Two incidents in the late 20th and early 21st centuries pointed out both the progress that has been made and the continuing limitations in navigating the ocean depths. Researchers from France and the United States combined their navigational skills and technology in an effort to find the wreck of the luxury ocean liner Titanic, which sank in 1912 off the coast of Newfoundland. They finally succeeded on Sept. 1, 1985. One of the new devices they used was a remotely controlled search vehicle from which they were able to take underwater video images of the ship. Although technology exists to locate objects, there are still limitations in the ability to function underwater. In August 2000 an accident aboard a Russian nuclear-powered submarine led to tragedy when the ship sank and rescue efforts failed to save the 118 crewmembers on board.

The Challenge of Underwater Navigation



Operations within the ocean depths, like those at sea, in the air, and in space, are governed by natural physical laws. Unique problems, however, are encountered below the ocean surface. An example is the great pressure of the water in the depths of the ocean—just the reverse of the near vacuum, or lack of pressure, in outer space.
The flow of ocean currents, temperature gradients, and lack of visibility without the use of artificial lights also makes oceanographic navigation a difficult procedure. The methods of celestial navigation, such visual aids to navigation as buoys, and most electronic methods are not usable.

The Continental Shelf

Around each continent is an area, of varying distance from shore, that lies in water of relatively shallow depth. It is called the continental shelf. In some of these areas, submerged river channels can be traced well out to sea. Mariners and ocean navigators use those submerged channels that have been charted as aids in navigation.
The ocean currents of the world have also been charted. The ocean floor is being charted in greater detail and at greater depths than ever before. This is being done partly to meet the requirements of antisubmarine defenses. Electronic depth-finding instruments have produced much data for charts of the ocean floor. In recent years major advances have been made in underwater archaeology, in oceanography, and in meteorology

The Use of Very-Low-Frequency Radiation

Current methods of ocean navigation and communication involve very-low-frequency radiation, or hydronic radiation, the name given to electromagnetic waves having frequencies of 14 to 30 kilohertz, which travel through water much as radio waves travel through the atmosphere. These waves and methods of transmitting and receiving are especially useful in on-land communication with submarines.
When transmitted from appropriate antennas, very-low-frequency waves appear to have directional properties. Thus “homing” or bearing-taking devices, similar to radio direction finders, are used to receive them. Such equipment can also be an aid to underwater surveying.
Hydronic radiation can carry signals through water for surface distances of at least 30 miles (48 kilometers). The equipment used for this is similar to conventional radio. Scuba divers carrying underwater walkie-talkies, for instance, can talk with people over 300 yards (274 meters) away on the water's surface.
Since signals from land reach depths of only 33 to 49 feet (10 to 15 meters), a project known as ELF, an extremely low-frequency communications system, was proposed in the 1960s. This system would use an enormous antenna buried in the ground, with arms originally reaching 6,000 miles (9,600 kilometers), and would send 72- to 80-hertz signals to submarines at great depths. After much debate the United States Navy abandoned the ELF project in 1981.

Outer-Space Navigation



Space navigation, or astrogation, is the evolving art and science by which space navigators direct the courses of spacecraft. The moon is the nearest to Earth of all the heavenly bodies that astronauts may land on and explore. As scientists have learned how to navigate safely through cislunar space—the space between the Earth and moon—the possibilities for space exploration have expanded. It may even become possible to plan extended trips to such nearby planets in the solar system as Mars and Venus.
As astronauts pilot spacecraft through different areas of cislunar space they use a variety of navigational methods. This section discusses navigation through the area that lies beyond about 500 miles (800 kilometers) from the surface of the Earth. This applies mostly to spacecraft traveling to the moon or other planets. Astronauts aboard the space shuttle and the international space station operate below that level.

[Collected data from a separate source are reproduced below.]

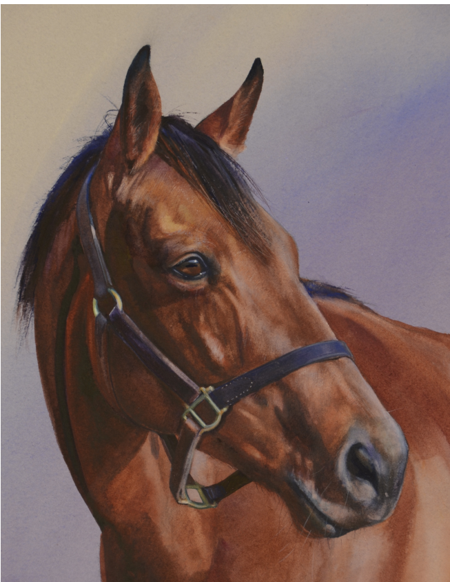
Moonlight Cloud-study 12 x 10 " Watercolor
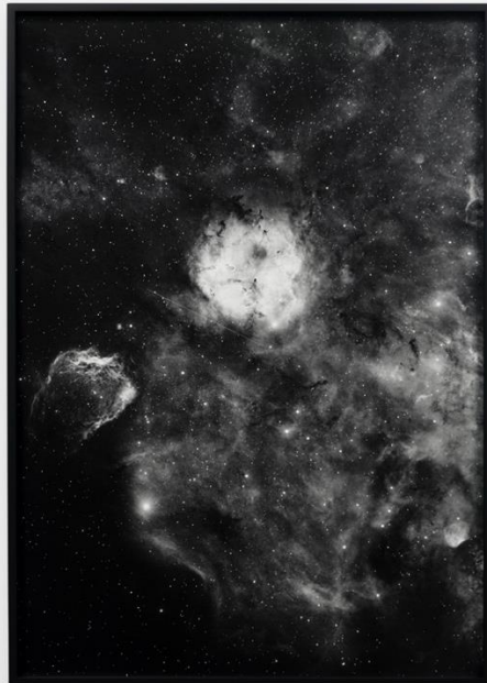
Installation view, Trevor Paglen, Unids , 2023, Altman Siegel, San Francisco.
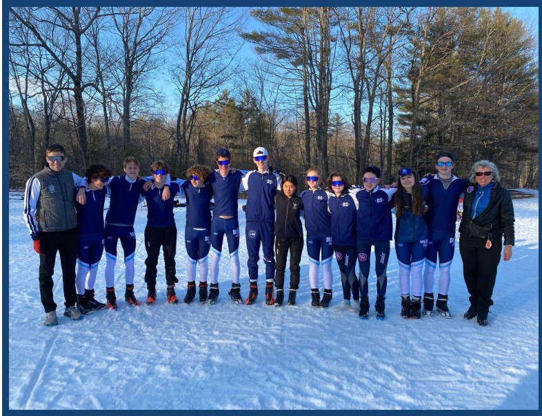
The Dublin School Team had a great season!

Local teams were practicing daily all winter on the lighted loop and beyond. The Dublin School team hosted two races for their league. Keene High and Fall Mountain High hosted races for their New Hampshire high school division. The local club, DublinXC has really grown! The Bill Koch League group of K-8 aged skiers numbered 65 this year! The Junior program traveled all over the region to races. The Masters group hosted workshops and met up to ski together all year. Information about the club can be found on the website at https://www.dublinxc.com/
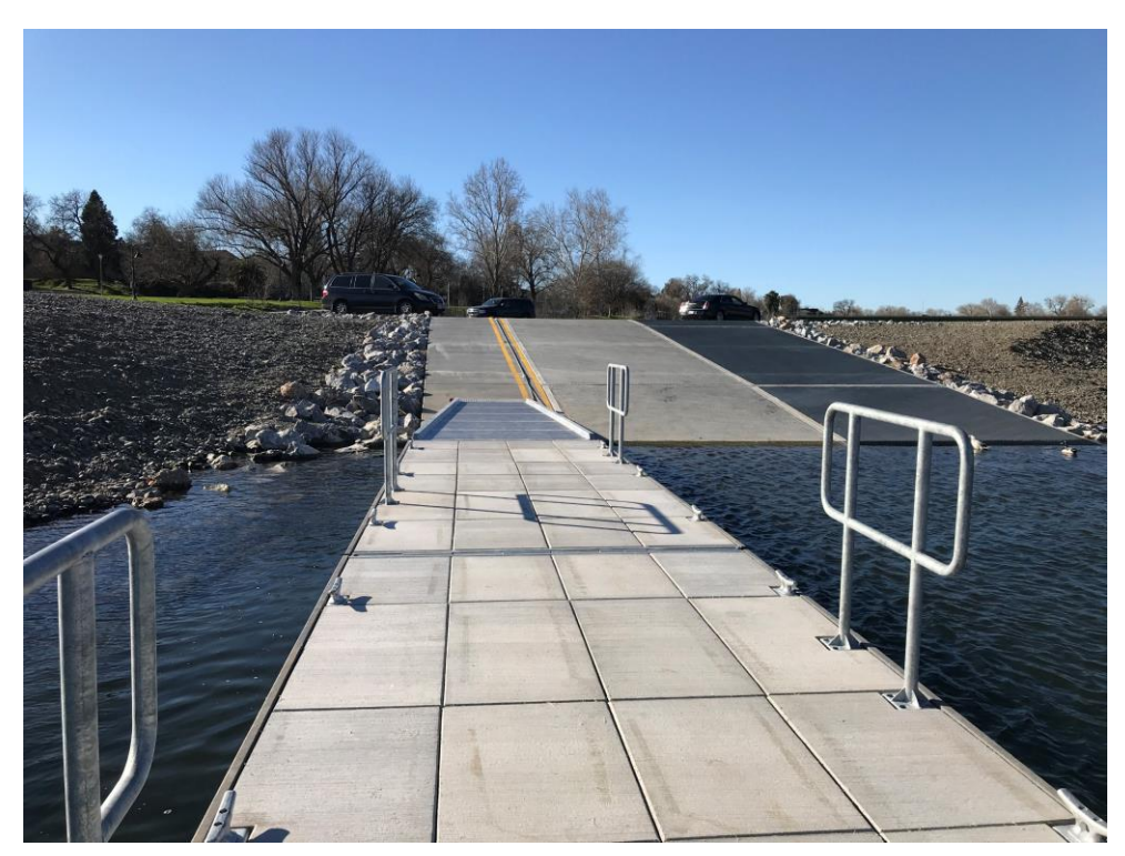
Boarding float and boat launch ramp
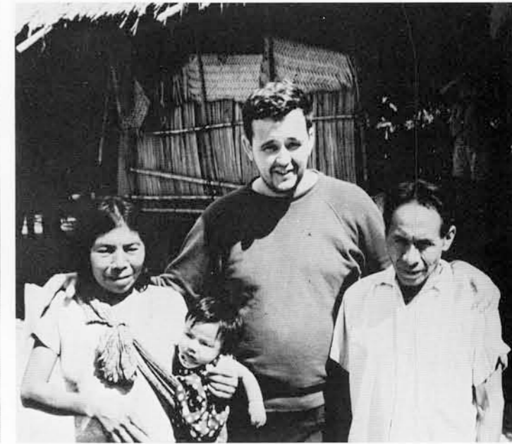
The author with his Cashinahua father, (the old head-man), mother, and niece.
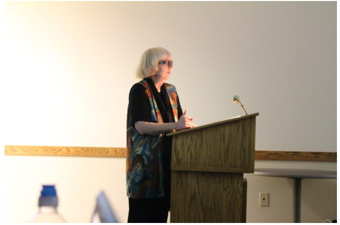
The group seems to be enjoying the program.
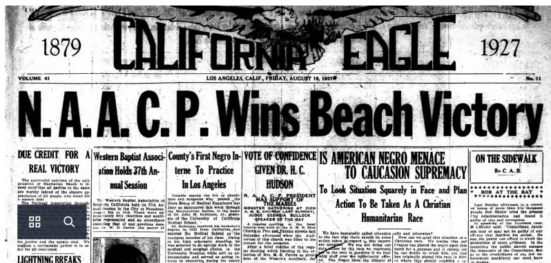
California Eagle Headline, Friday, August 18, 1927

Principles of Space Navigation

Many of the principles and tools of celestial navigation at sea will be of equal use to the space navigator. However, the astronaut's local vertical—the line from the center of the Earth to his spacecraft, passing through his GP on the Earth's surface—will assume a new role. It will become a valuable line of position—and an unusual one, in that the space navigator will be able to look down it, toward the Earth, and see his GP.
Due to the rotation of the Earth from west to east, an observer on Earth sees the sun, moon, stars, and planets apparently revolving around the Earth from east to west. However, to an observer in space the Earth would appear as a spinning globe, moving through space and apparently revolving in an orbit around him. In reality, he is moving in relation to the Earth.
The observer assumes that he is at the center of the universe, fixed in space. The stars also appear to be fixed, provided that the observer's spacecraft is stabilized and not tumbling in its orbit. The Earth and moon will appear as large, rapidly moving spheres in space, their speed depending upon the observer's relative distances from them. The sun and planets will appear to move slowly if they are observed over a long period of time.
For close-in orbits around the Earth, the space navigator will be mainly interested in his position and motion relative to the Earth. The Earth itself may be used to fix positions of a vehicle in space.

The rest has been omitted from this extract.